We live in a high tech, button touch environment with decreasing personal contacts which makes customer interaction more important than ever to corporate imagery. For example, if you call for computer tech support, the representative often makes it a point to address you by your first name. If it is the office supply company, they may ask, "How are you doing today?" This makes the customer feel less like a number and more like a human being.
The successful restaurateurs always take it one step further towards "servicecare" because they understand that restaurant customer service literally involves the immediate health of the patron - more so than any other industry except for healthcare industry itself.

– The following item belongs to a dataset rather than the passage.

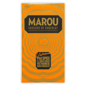 Marou ChocolateMarou Chocolat was started by two Frenchmen Samuel Maruta and Vincent Mourou in Saigon. After a camping trip in Vietnam, that left them venturing onto a cacao farm, they were sold on their next adventure, chocolate. They only had minimal everyday kitchen appliances at the time and started testing how to make chocolate in Sam’s kitchen. They work closely with farmers and slow roast the beans in small batches to get the natural flavors from its terroir and let it do all the work. They are the first bean to bar Vietnamese chocolate makers. Their bars captivate flavors from each region they receive their cacao beans from.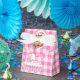 Beautiful & Elegant Vintage Style Tent Favour Boxes for Baby Shower Favours Featuring Vintage Pink Baby & Ruffled Bassinet Purple Gingham Design

A recent survey asked diners why they went out to eat, and the main response was "to feel good." This must be true. After all, the word "restaurant" has French origins meaning "to restore." During my waiter period for many years, I felt my job was to restore humanity, especially to diners arriving from a very stressed out day.
In my past dining room service work experiences, I remember certain actions lifting service to this higher level of "servicecare." One time a customer requested margarine that was not available in the restaurant. The owner walked across the street to the grocery purchased the margarine and brought it tableside. The patron was delighted.
Then, there was a regular customer (diabetic) who always got immediate attention with some kind of bread or crackers to keep from feeling faint before her food arrived. If there was a baby present at a table, our staff ensured their food would come out as soon as possible to pacify them.
Customers remember these kinds of actions as it creates a long lasting positive image for any company or restaurant establishment. The owner truly cared about his guests and it always permeated through the dining room and to the staff - even after he left to open other restaurants for that company.
Restaurant Customer Service involves major three points:
1. Care and Concern for the Customer, 2. Spontaneity, flexibility and creativity of frontline workers which enhances the ability for on-the-spot problem-solving, 3. Recovery-making things right with the customer when the process has gone astray.
These 3 points must be highlighted in every waiter training program: If they are kept in mind, then quality customer service will automatically occur.